Samsung has officially entered the mixed reality race with the launch of its Galaxy XR headset, priced at $1,800 — almost half the cost of Apple’s Vision Pro. The announcement, reported by Bloomberg, signals a major push by the South Korean tech giant into the rapidly expanding world of extended reality.
The Galaxy XR is the first device powered by Android XR, Google’s new operating system built specifically for next-generation XR devices. Co-developed by Samsung and Google, the headset pairs two 4K Micro-OLED displays (3552 x 3840 resolution each) with passthrough cameras and a full-immersion mode for gaming and cinematic viewing. Inside, it runs on Qualcomm’s Snapdragon XR2+ Gen 2 chip — a powerhouse designed for spatial computing.
Weighing just 545 grams, it’s noticeably lighter than Apple’s 800-gram Vision Pro.
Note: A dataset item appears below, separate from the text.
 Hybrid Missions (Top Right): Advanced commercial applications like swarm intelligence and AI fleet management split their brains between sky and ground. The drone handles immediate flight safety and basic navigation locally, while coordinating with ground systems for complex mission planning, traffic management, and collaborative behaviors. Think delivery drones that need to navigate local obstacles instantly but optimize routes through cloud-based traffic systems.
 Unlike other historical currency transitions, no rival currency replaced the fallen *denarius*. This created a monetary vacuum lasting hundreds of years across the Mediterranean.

Battery life clocks in at about 2.5 hours of video playback, matching Apple’s performance but in a sleeker frame.
Samsung’s headset also integrates Google’s Gemini AI, allowing users to point at real-world objects to instantly get contextual information — a blend of gesture control and intelligent vision that hints at where spatial computing is headed.
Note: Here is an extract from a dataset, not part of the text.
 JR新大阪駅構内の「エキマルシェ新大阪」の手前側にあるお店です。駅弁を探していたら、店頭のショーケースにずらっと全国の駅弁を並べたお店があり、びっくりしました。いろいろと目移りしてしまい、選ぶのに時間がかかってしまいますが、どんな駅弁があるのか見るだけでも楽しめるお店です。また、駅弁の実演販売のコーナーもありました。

To attract early adopters, Samsung and Google are offering an Explorer Pack with one-year subscriptions to Google services. Initially, the Galaxy XR will be sold exclusively through Samsung stores and online, with wider distribution planned later.
And this is just the beginning. Both companies are already working on a pair of smart glasses, a slimmer, more everyday version of XR — the next logical step in Samsung’s mixed-reality roadmap.
The XR era is officially underway, and this time, Apple isn’t the only one shaping what the future looks like.